*** Opening ENTRIES SHOWN ***

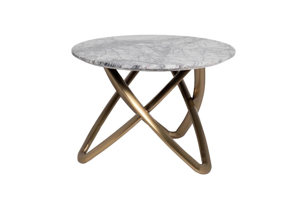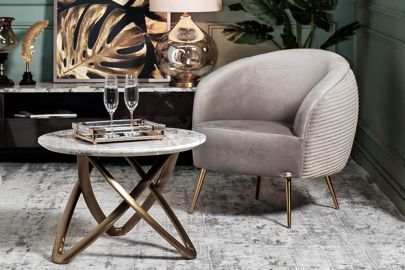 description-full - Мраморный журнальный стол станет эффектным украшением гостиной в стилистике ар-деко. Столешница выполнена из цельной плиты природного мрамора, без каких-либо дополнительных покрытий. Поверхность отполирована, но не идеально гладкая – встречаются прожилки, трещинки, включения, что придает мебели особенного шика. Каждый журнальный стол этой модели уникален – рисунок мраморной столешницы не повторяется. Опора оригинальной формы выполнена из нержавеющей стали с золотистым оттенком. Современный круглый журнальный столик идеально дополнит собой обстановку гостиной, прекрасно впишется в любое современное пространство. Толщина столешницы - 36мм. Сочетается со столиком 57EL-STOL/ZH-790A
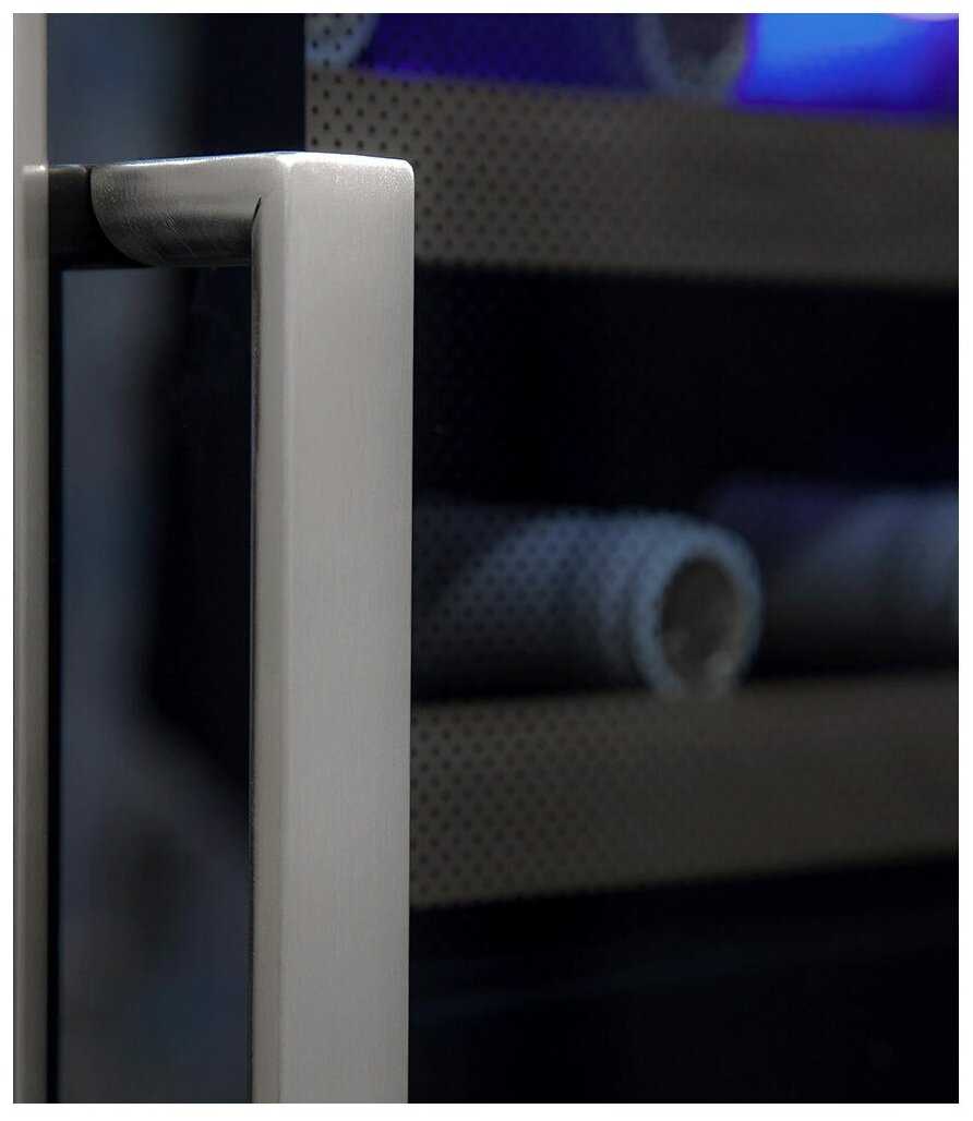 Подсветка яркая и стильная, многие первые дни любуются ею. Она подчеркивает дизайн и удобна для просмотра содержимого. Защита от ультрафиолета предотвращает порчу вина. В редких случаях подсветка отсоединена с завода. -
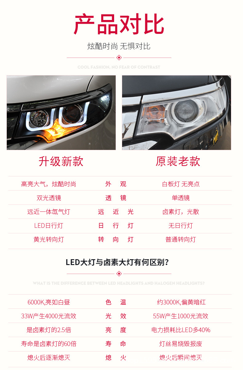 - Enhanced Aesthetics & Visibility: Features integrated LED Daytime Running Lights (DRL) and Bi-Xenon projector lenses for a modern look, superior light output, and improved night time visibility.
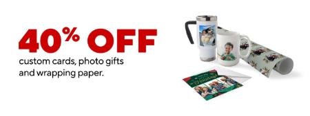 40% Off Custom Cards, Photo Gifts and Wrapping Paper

*** Closing ENTRIES SHOWN ***
*** Opening ENTRIES SHOWN ***

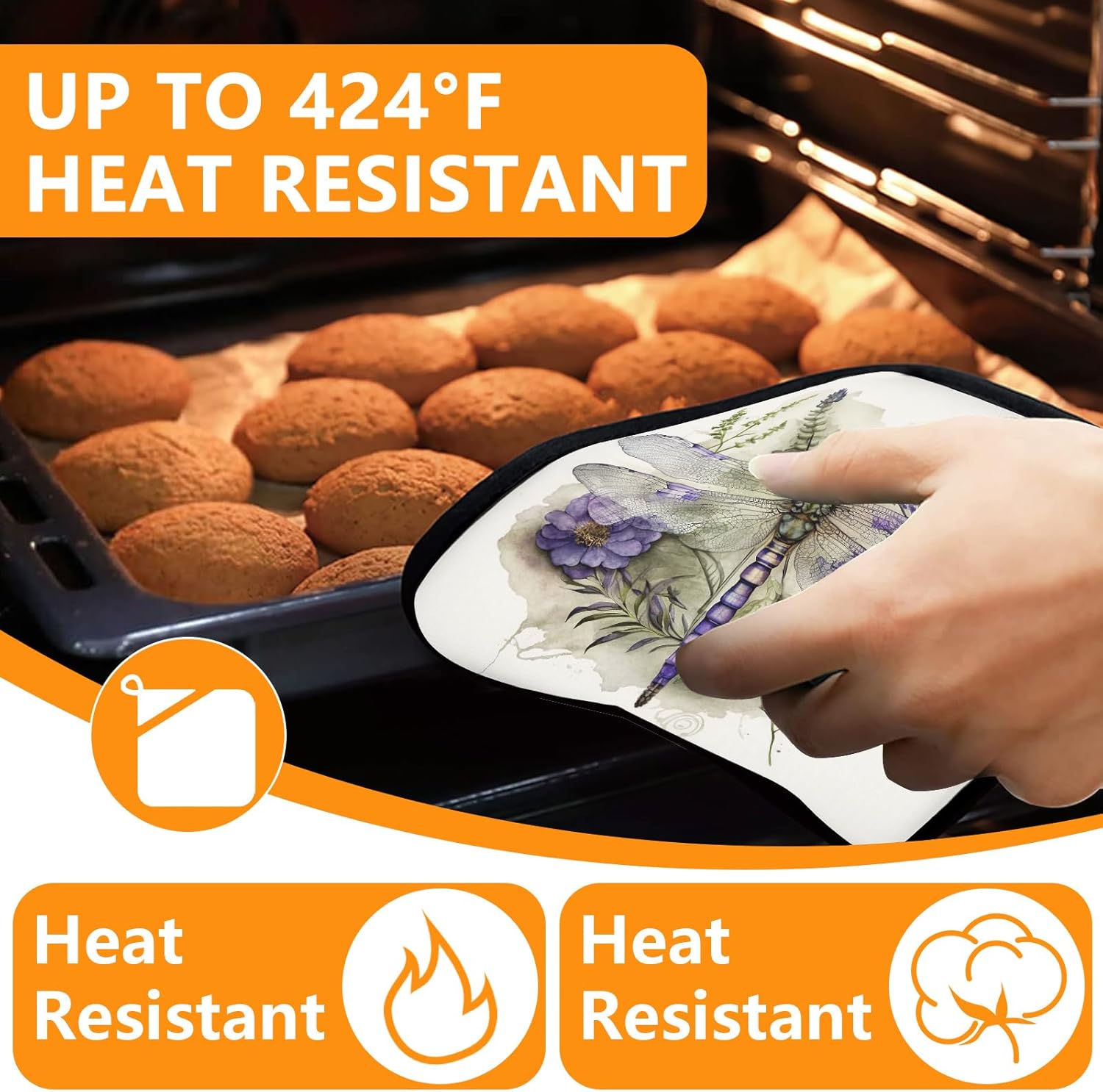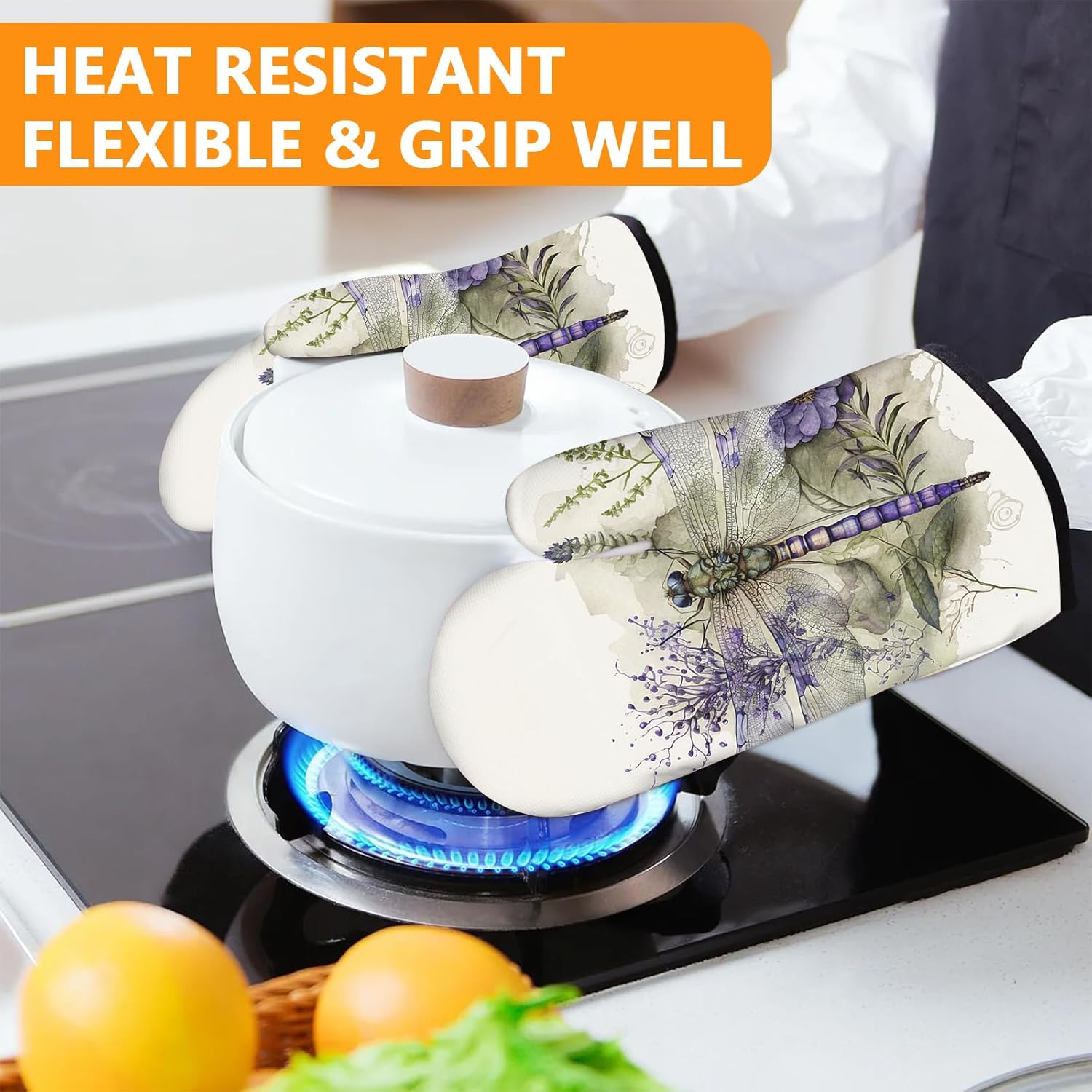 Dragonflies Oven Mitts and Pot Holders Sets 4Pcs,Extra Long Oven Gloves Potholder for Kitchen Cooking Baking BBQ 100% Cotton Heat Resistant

*** Closing ENTRIES SHOWN ***

WHAT YOU SHOULD DO :: Using the data above, give again exactly the lines starting at the one holding "description-full - Мраморный" and ending at the one holding "40% Off Custom", inclusive, and nothing more. Omit the pictures.

ANSWER SPACE ::
 description-full - Мраморный журнальный стол станет эффектным украшением гостиной в стилистике ар-деко. Столешница выполнена из цельной плиты природного мрамора, без каких-либо дополнительных покрытий. Поверхность отполирована, но не идеально гладкая – встречаются прожилки, трещинки, включения, что придает мебели особенного шика. Каждый журнальный стол этой модели уникален – рисунок мраморной столешницы не повторяется. Опора оригинальной формы выполнена из нержавеющей стали с золотистым оттенком. Современный круглый журнальный столик идеально дополнит собой обстановку гостиной, прекрасно впишется в любое современное пространство. Толщина столешницы - 36мм. Сочетается со столиком 57EL-STOL/ZH-790A
 Подсветка яркая и стильная, многие первые дни любуются ею. Она подчеркивает дизайн и удобна для просмотра содержимого. Защита от ультрафиолета предотвращает порчу вина. В редких случаях подсветка отсоединена с завода. -
 - Enhanced Aesthetics & Visibility: Features integrated LED Daytime Running Lights (DRL) and Bi-Xenon projector lenses for a modern look, superior light output, and improved night time visibility.
 40% Off Custom Cards, Photo Gifts and Wrapping Paper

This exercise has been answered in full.